A historic moment
January 20th, 2009Photo credit: beagleskin
Today, the day Barack Obama becomes the President of the United States, is an inspiring moment, no matter where in the world we are. For many in the US, this is a landmark for the country’s African-American citizens. For India, there is another connection. The Black Civil Rights Movement and India’s Independence struggle had a common spirit to them, even if they were decades apart - both Martin Luther King and Mahatma Gandhi had adopted the ideas of non-violence and civil disobedience from Henry Thoreau’s 1849 essay, Resistance to Civil Government.
Both MLK and Gandhi inspired millions of people to unite towards demanding fundamental rights that were denied them, and emboldened thousands of ordinary individuals to perform acts of resistance that required remarkable courage.
I admit, I was moved while watching Barack Obama’s inaugural speech on TV. Obama sees himself as a post-partisan figure, whose election united blacks and whites. His victory certainly does not mean the end of racism in the US, but it is a sign that people can at least occasionally, and at critical moments, overcome tribalism when it comes to race and identity.
In India as well, we struggle against the politics of identity, and we’ve seen pretty intractable vote banks around caste, religion, region and class. Obama’s win is a moment of optimism for people everywhere who hope to move past such politics. It’s why his ‘campaign of hope’ resonated so much across the world.










Fractured tongues
January 24th, 2009Photo credit: Dushyanthini K.

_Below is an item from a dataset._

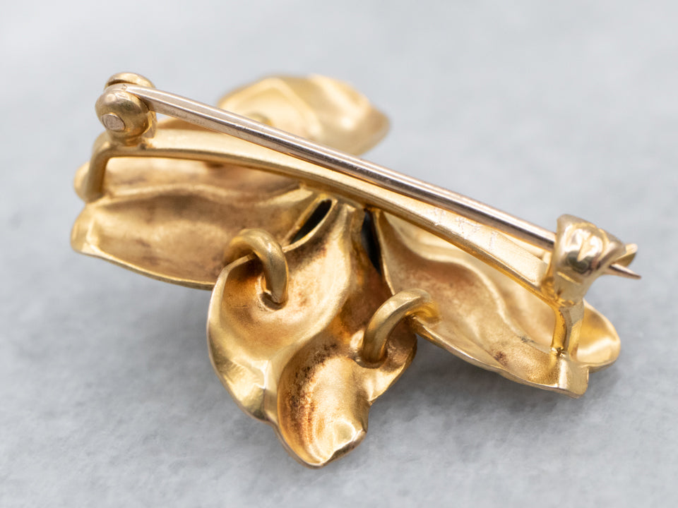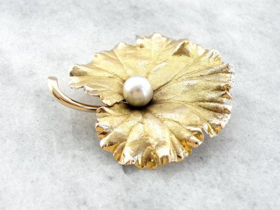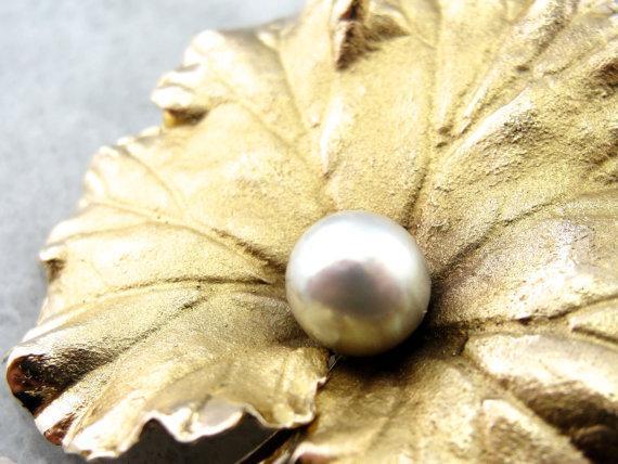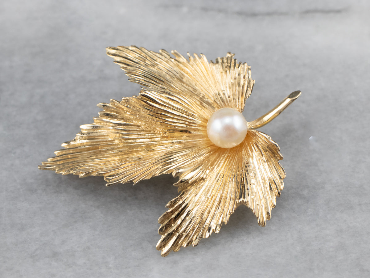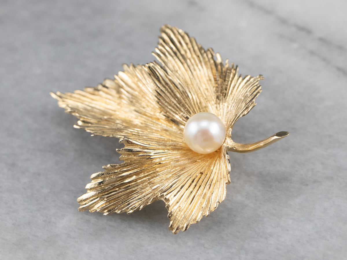 Absolutely outstanding! This vintage grape leaf brooch is crafted of 14 karat gold, finished with a very realistic texture. At the center is a luscious pearl with a creamy, almost metallic sheen.

With the capture of LTTE’s makeshift capital Killinocchi, and the group in retreat in Sri Lanka, the sectarian war in Sri Lanka seems to be coming to a head.

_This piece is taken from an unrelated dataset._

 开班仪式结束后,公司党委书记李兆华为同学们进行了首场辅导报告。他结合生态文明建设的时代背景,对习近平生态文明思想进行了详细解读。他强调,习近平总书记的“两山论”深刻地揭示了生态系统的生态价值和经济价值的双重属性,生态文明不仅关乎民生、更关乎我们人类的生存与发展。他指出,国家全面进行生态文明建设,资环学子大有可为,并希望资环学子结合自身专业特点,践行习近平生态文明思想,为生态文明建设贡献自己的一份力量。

The conflict between the majority Sinhalese and minority Tamils is a complex, worrying one, and looking back, language has played a substantial part in it. Its always been difficult to build peace when a country has multiple ethnic populations who speak different tongues. There were many former British colonies that faced this challenge after independence - Sri Lanka, Singapore and of course, India.
Language is a pretty natural fracture for communities. India had come face to face with this reality early on, when the post-independence government proposed making Hindi the official language. The Delhi government only retreated and accepted both English and Hindi as official languages when massive protests erupted in the South (especially in Tamil Nadu, where riots broke out and students burnt effigies of the ‘Hindi demonness’). Singapore also chose English, a neutral tongue, as the official language over the local Malay, Chinese, and Tamil tongues.

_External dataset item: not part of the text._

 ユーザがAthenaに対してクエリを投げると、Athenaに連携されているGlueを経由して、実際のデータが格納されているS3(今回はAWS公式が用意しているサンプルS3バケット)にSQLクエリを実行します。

Sri Lanka however, took a very different tack. The government replaced English with the majority language Sinhalese as the official tongue, and marginalised Tamil. Of course, this wasn’t the sole reason for the conflict, but it only intensified it. Language after all, seems to be a core part of our identity - we only need to look to Ireland’s attempts to revive the Irish tongue, the resurrection of Hebrew in Israel, and in India, the early (and successful) fights to have our state borders drawn according to language.